WHAT THE TASK ASKS:
An exact copy is needed of the lines in the entries below from the line with "Closer to Heaven is" up to and including the line with "Viral Pink and", and of nothing else. Leave the pictures out.

Records drawn from a dataset:
###
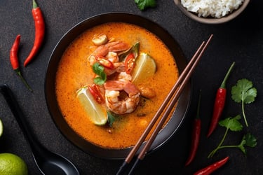 Scharfe Suppe mit Garnelen und aromatischen Gewürzen.
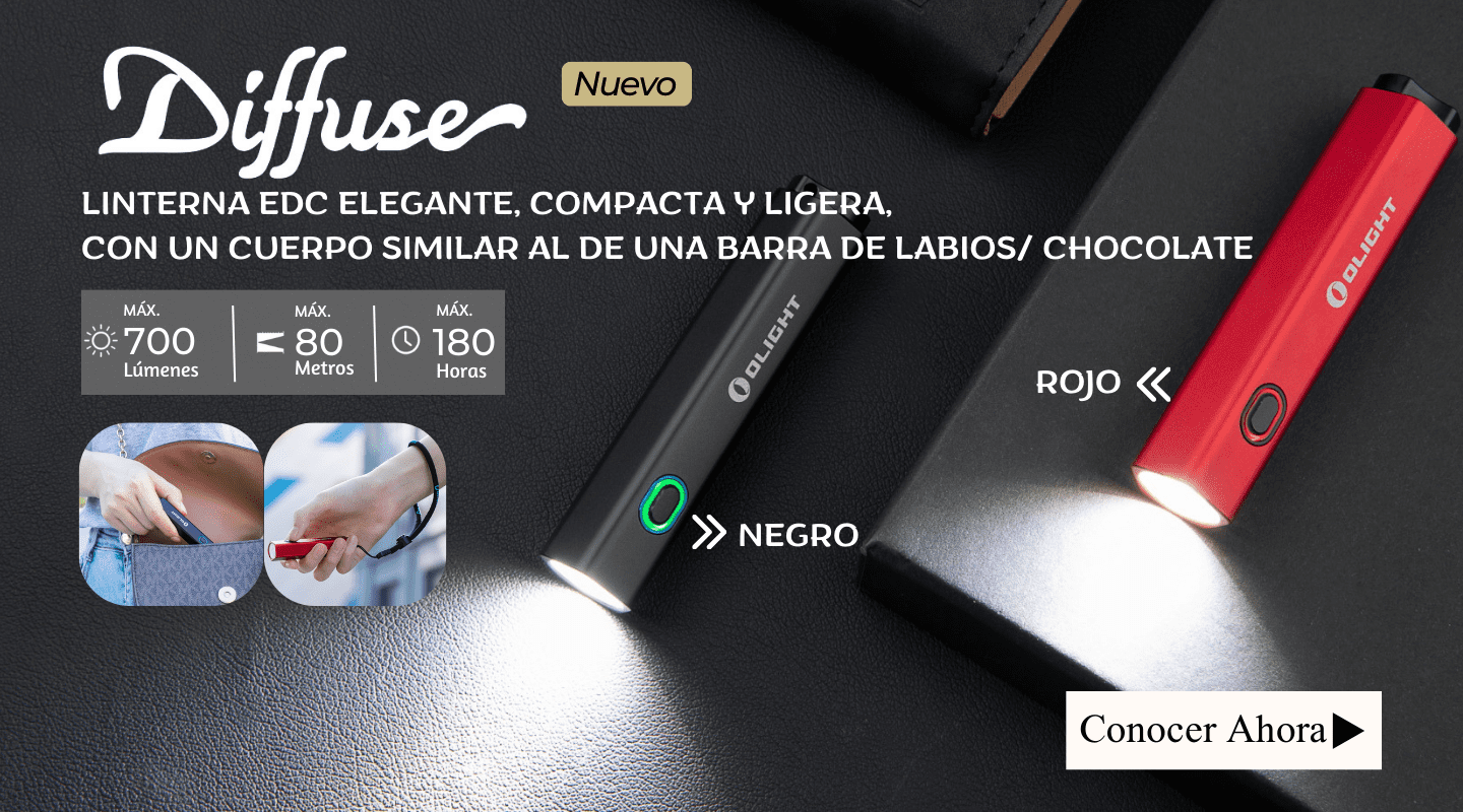 Diffuse es una linterna EDC elegante, compacta y ligera con una potencia máxima de 700 lúmenes. Sus 6 modos diferentes pueden satisfacer la mayoría de las necesidades de iluminación diarias. Gracias a su tamaño compacto, similar al de una barra de labios, Diffuse puede llevarse fácilmente en el bolsillo para mayor comodidad. Con un excepcional cuerpo en forma de prisma pentagonal, se acomoda bien a la mano. Diffuse tiene su interruptor lateral envuelto por un creativo indicador de encendido de 3 colores, que muestra la energía restante de forma intuitiva. Su amplio rango de voltaje de trabajo lo hace compatible con todas las pilas AA. Es, sin duda, una opción ideal para una linterna de uso diario.
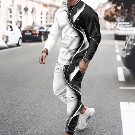 Men's Graphic Color Block 2Pcs 3D Sweatshirt Sets Tracksuit Long Sleeve Long Pants Crew Neck Streetwear Sportswear Basic Sports & Outdoor Casual Sport
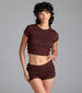 Earn style cred in this lace crop top with frilly ruffles and a fitted hem. Pair with the matching shorts.
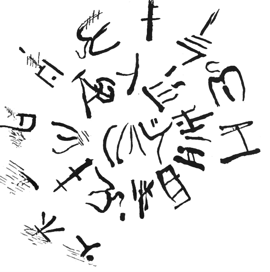 Figure 4. Ink-written Linear A inscription on the interior surface of a cup, Knossos. After Evans (1909). Note the radial arrangement of sign clusters around a central axis and the spiral alignment adapted to the cyclic surface.
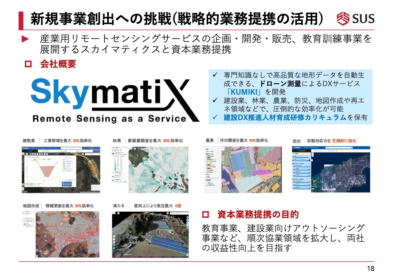 新規事業の1社目は、スカイマティクスです。
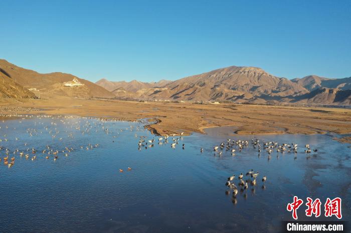 11月27日晨,西藏自治區(qū)拉薩市林周縣黑頸鶴保護區(qū)內(nèi),大量越冬的黑頸鶴在虎頭山水庫覓食、嬉戲。林周縣位于拉薩河上游及澎波河流域,平均海拔約4200米,是黑頸鶴的主要越冬地之一。(無人機照片)中新社記者 貢嘎來松 攝
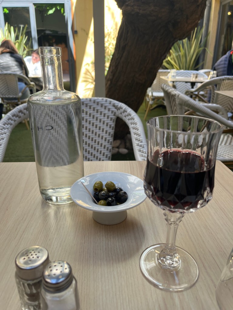 I was glad that I had done a lot of walking and was going to the run group after finishing lunch. I skipped dessert. The meal was Salade Lyonais, Grillade of porc avec pommes roti Romain, and a glass of local Froton wine. It was all delicious.
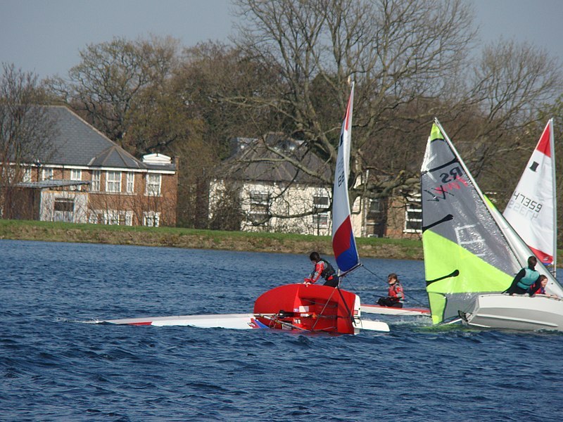 배가 뒤집힌다고? 그렇다. 딩기는 아주 작은 배라서, 조금만 돌풍이 불거나 조종하는 사람이 아차 실수를 하면 배가 뒤집힐 수 있다. 물론 순식간에 배가 홱 돌아가는 것은 아니고, 어… 어… 하는 사이에 배가 스윽 기울어져서 90도로 수면과 평행이 되며 누웠다가, 그대로 두면 세일이 수면 아래로 들어가면서 배가 밑면을 벌러덩 드러낸 채 180도로 뒤집혀버린다. 이것을 ‘캡사이즈capsize’라고 한다. 180도로 뒤집힌 것이 ‘완캡’, 90도는 ‘반캡’이라고들 말한다.
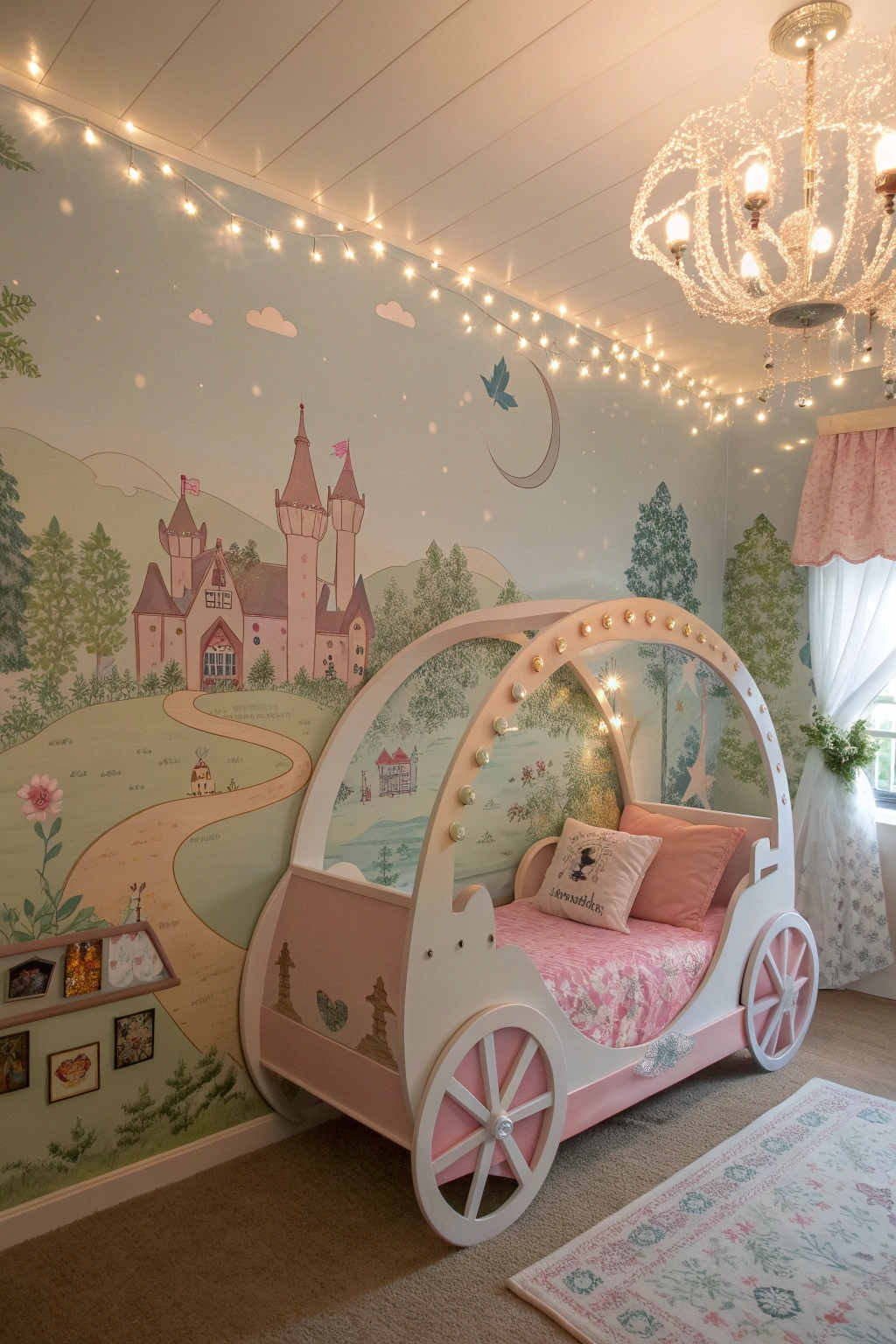 Bring storybook magic to life with a fairy tale-themed room. Use murals of castles and enchanted forests, and consider a bed shaped like a royal carriage. Soft, colorful bedding paired with fairy lights creates a dreamy atmosphere. Add storybooks and themed décor to inspire daily imaginative play.
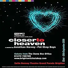 Closer to Heaven is a musical by Jonathan Harvey and Pet Shop Boys. It was premiered in May 2001 at the Arts Theatre in London, opening to mixed reviews, and ran until 13 October 2001. A second production of Closer to Heaven was premiered in Australia in 2005. New off-West End productions premiered in London in 2015 and 2019.
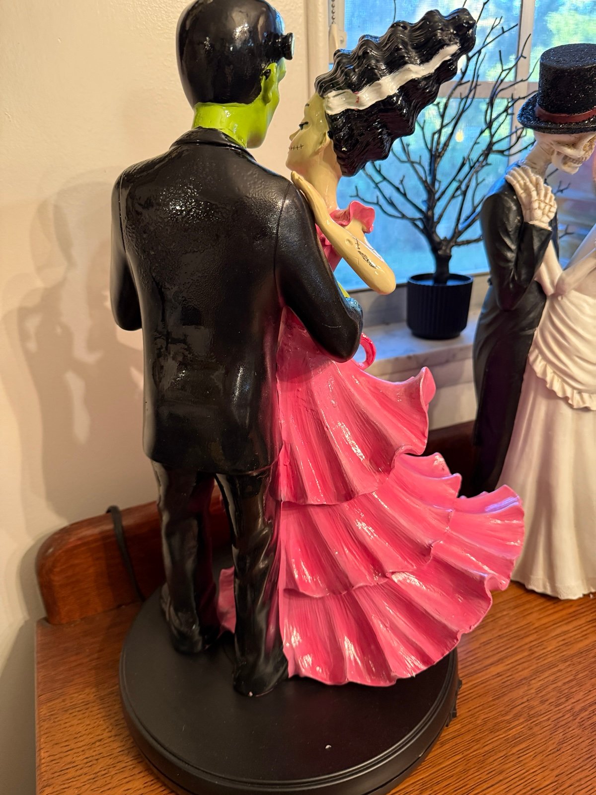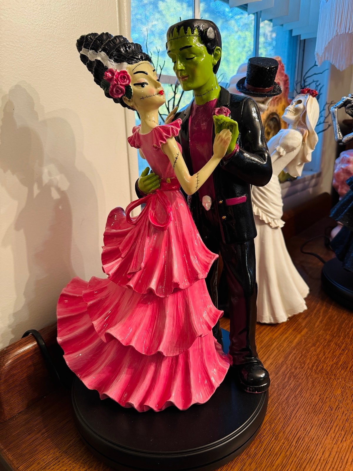 Viral Pink and Black Mr. and Mrs. Frankenstein Dancing Couple Figurine
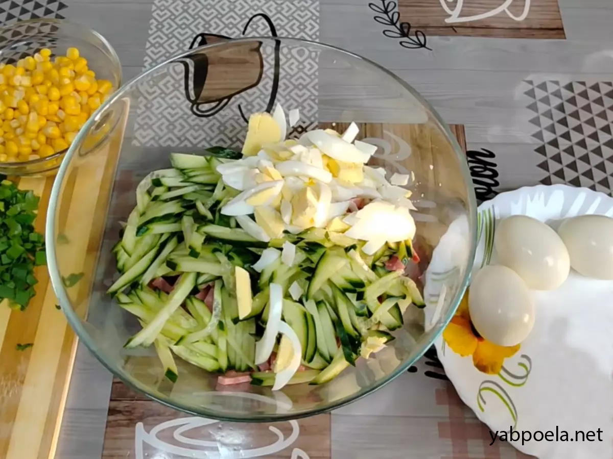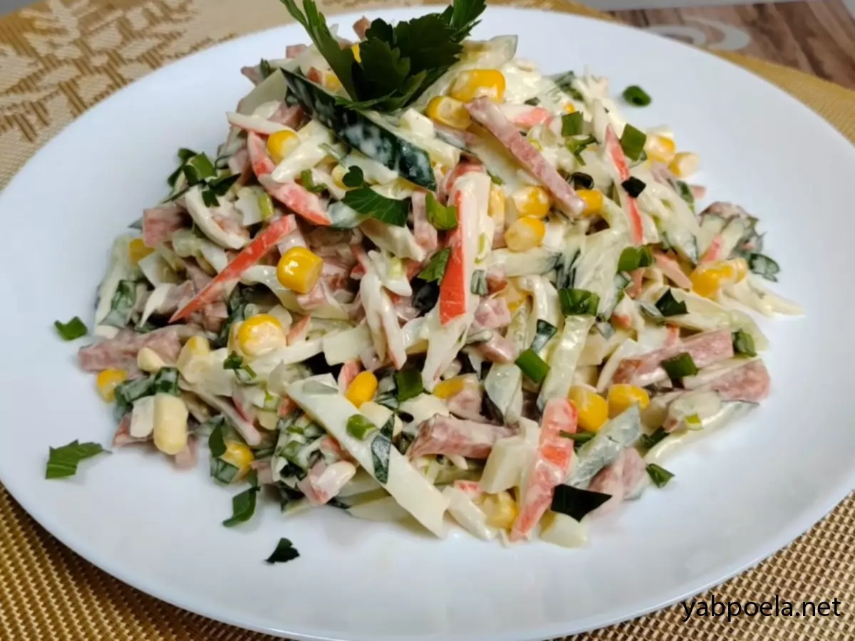 Цей салат — справжня знахідка, коли потрібно приготувати щось яскраве та смачне всього за 10 хвилин. Поки варяться яйця, ви встигнете нарізати всі інші інгредієнти. Невеликий секрет у вигляді копченої ковбаски робить його смак більш насиченим та цікавим. Салат виходить соковитим, свіжим і завжди першим зникає зі столу!
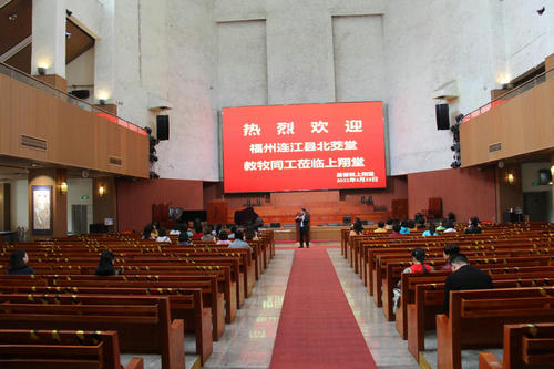 4月23日,福州市连江县基督教北茭堂教牧同工一行30人到访我会参观了成都市基督教陈列馆和基督教上翔堂。我会副主席兼秘书长胡雅丽、副主席兼上翔堂主任白荣发牧师全程陪同。            通过对陈利馆的参观,北茭堂教牧同工一行对基督教传入四川及成都的历史,基督教为成都的社会、经济、文化建设所作出的积极贡献进行了深入了解,在参观上翔堂时就教堂的管理、文化和基督教中国化示范场所创建工作等方面与上翔堂教牧同工进行了交流学习。
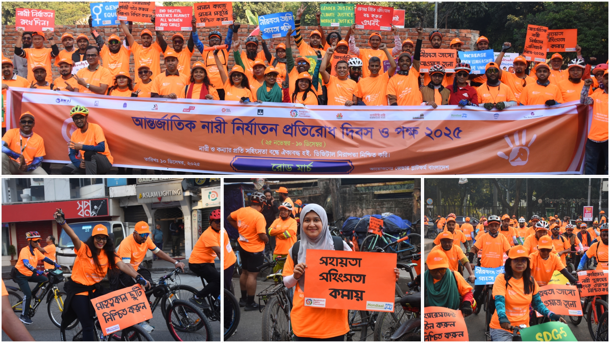 The 16 Days of Activism Against Gender-Based Violence campaign concluded with a powerful call to action on Human Rights Day. In alignment with this year’s global theme, “UNiTE to End Digital Violence Against All Women and Girls,” Bangladesh Labour Foundation (BLF), in association with Gender Platform Bangladesh, organized a Cycle Rally to amplify awareness and mobilize public support against online abuse.
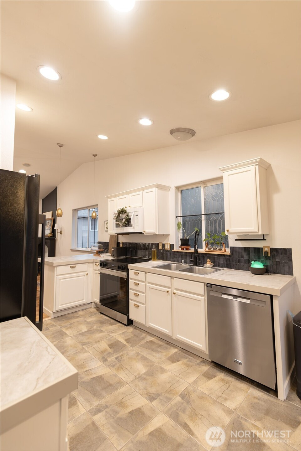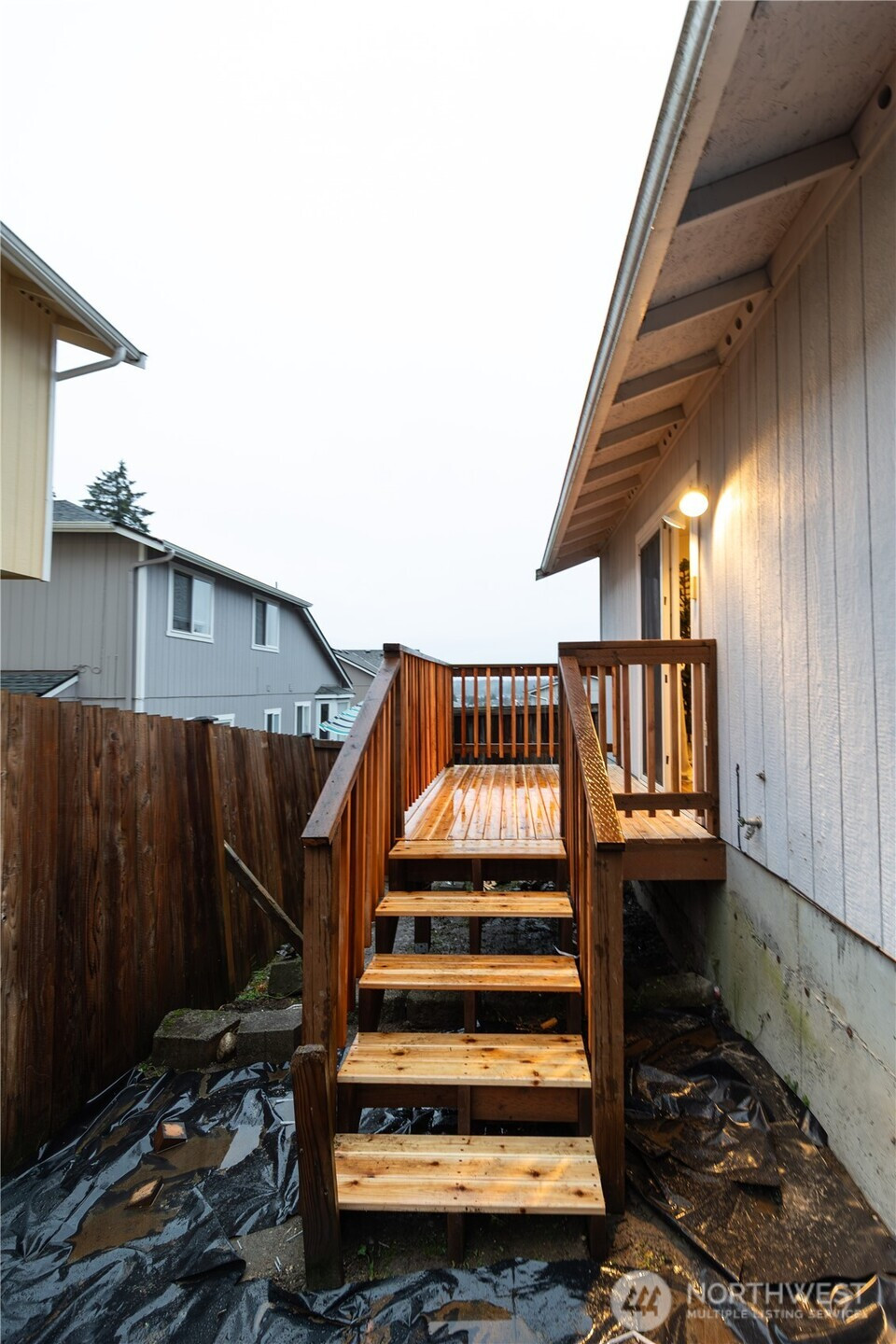 Beautifully updated 3 Bedroom & 2 Bathroom home with vaulted ceilings and a bright open layout. Charming features include hand-painted accent walls, built in laundry room cabinets for extra storage, with new light fixtures throughout the home. Enjoy large windows for tons of natural light. Enjoy a freshly updated kitchen with brand-new appliances and modern farmhouse touches throughout. Bedrooms feature new carpet, and both bathrooms are nicely updated with new tile flooring and a wood vanity. The spacious primary suite fits a king bed and offers a walk-in closet and private en-suite. Outside, enjoy a fenced, low maintenance yard with a brand new deck. SELLER TO GIVE $5k TOWARDS CLOSING WITH A FULL PRICE OFFER!
###
WORKED SOLUTION:
 Closer to Heaven is a musical by Jonathan Harvey and Pet Shop Boys. It was premiered in May 2001 at the Arts Theatre in London, opening to mixed reviews, and ran until 13 October 2001. A second production of Closer to Heaven was premiered in Australia in 2005. New off-West End productions premiered in London in 2015 and 2019.
 Viral Pink and Black Mr. and Mrs. Frankenstein Dancing Couple Figurine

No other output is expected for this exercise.